Knowing what might happen next is nice. Knowing what to do about it is even better. Cue Prescriptive Analytics: Assessing the likely outcome of different actions to inform the best course of action to achieve an optimal business result. With Prescriptive Analytics, optimization is the name of the game. Questions addressed by Prescriptive Analytics include: Which offers is this customer most likely to respond to? What is the best intervention for this patient? Which combination of what proffered to whom optimizes outcomes for the individual, the cohort and/or the corporation?

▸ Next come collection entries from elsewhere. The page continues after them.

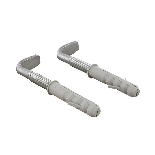Комплект крепежи за монтаж на бойлер. Комплекта се състои от две поцинковани Г-образни куки и два дюбела.Товароносимост на сряз в бетон 50 кг на кука.
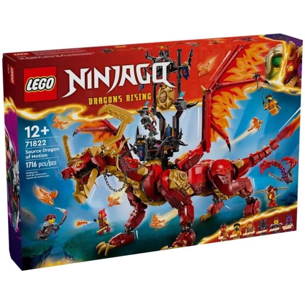LEGO 71822 動態來源龍(Source Dragon of Motion) 吧!這是一個來自樂高® Ninjago 系列的精彩套裝,讓你能夠重現《NINJAGO® Dragons Rising》電視節目第 2 季中的翱翔空中冒險。 產品描述:LEGO 71822 動態來源龍是有史以來最大的樂高®龍玩具,擁有可移動的腿、尾巴、臀部、下巴、頭部、頸部和大翅膀。它的背上還有一個鞍座,並附有 6 條較小的靈龍。 特點:可動性:這款來源龍模型的可動性非常出色,你可以調整它的各個部位,讓它擺出不同的飛行姿勢。 更多龍!:套裝還包含了 6 隻較小的靈龍,讓你的角色能夠在空中展開刺激的冒險。 NINJAGO® 小人偶:這個套裝附送了 6 個 NINJAGO® 小人偶,包括 Kai、Wyldfyre、Arin、Lord Ras、Jordana 和 Wolf Mask Warrior。 如果你是忍者迷、樂高愛好者或喜歡收藏獨特玩具的人,LEGO 71822 動態來源龍絕對值得你收藏。讓我們一起進入奇幻的忍者世界,展開驚險刺激的冒險吧!🐉
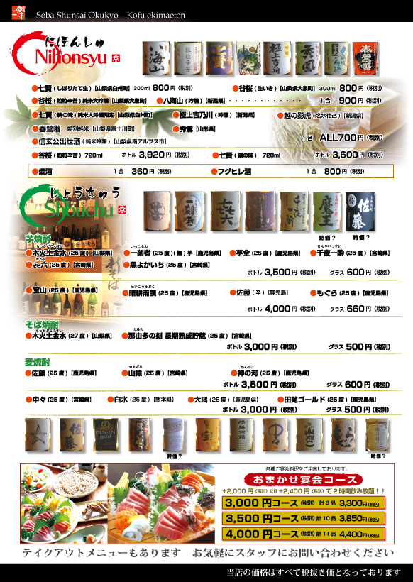 定番のお酒から、他ではなかなか手に入らないお酒、旬のお酒など取り揃えておりますので、詳しくはスタッフまでお気軽にお尋ねください。
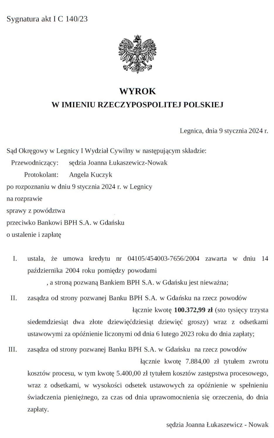 Za każdą sprawą stoją ludzie, którzy odzyskali swoje prawa i pieniądze. Przedstawiamy wybrane sukcesy OWL Kancelaria – unieważnienia umów, zwroty nadpłat, korzystne ugody. Te wyniki to nie przypadek, lecz efekt naszej wiedzy, doświadczenia i determinacji.

At this point, there are seemingly no new questions. Analytics can address what has happened, what might happen next and what action to take. So what’s left to do? Despite much ado about democratizing access to data delivering consumable, contextually appropriate insights remains a challenge. Therein lies the rub: The best insight is for naught if it does not lead to action. Enter Perceptive Analytics (my term). With Perceptive Analytics, systems do not merely passively analyze but actively engage and interact with their environment. As such, the business questions Perceptive Analytics systems (AI in particular) answer are not different than those defined above. What is radically different is how AI systems are developed and deployed to enable action.
With AI, machines (aka algorithms) learn from, monitor, and respond to events (aka data input) in their environment with less direction and supervision. This has allowed many tasks previously thought to be the sole purview of humans to be automated. More importantly, AI provides the ability to deploy analytics systems that communicate in the same ways we do – in “plain English”. Armed with the ability to hear, see, speak and write AI systems facilitate an active dialogue between human decision makers and information that focuses attention on: What insight do I need right now? What else should I consider? In this way, AI solutions bridge the gap between creating and deploying impactful analytics. It is this capability which may, ultimately, deliver on the promise of a data-driven organization: one in which access to contextually appropriate insight is not limited by an individual’s technical expertise or background.
Each Analytics progression has created new opportunities for competitive advantage and meaningful engagement. There is no question AI’s transformative potential will eclipse its predecessors. Yet the seeds of that development and, more critically, the appetite for AI were planted in the work that came before. Even so, adding a new floor to your Analytics house will take an architect with vision and an investment of time and money. But if your organization is practicing analytics today you have unwittingly begun to lay a good foundation to build toward AI.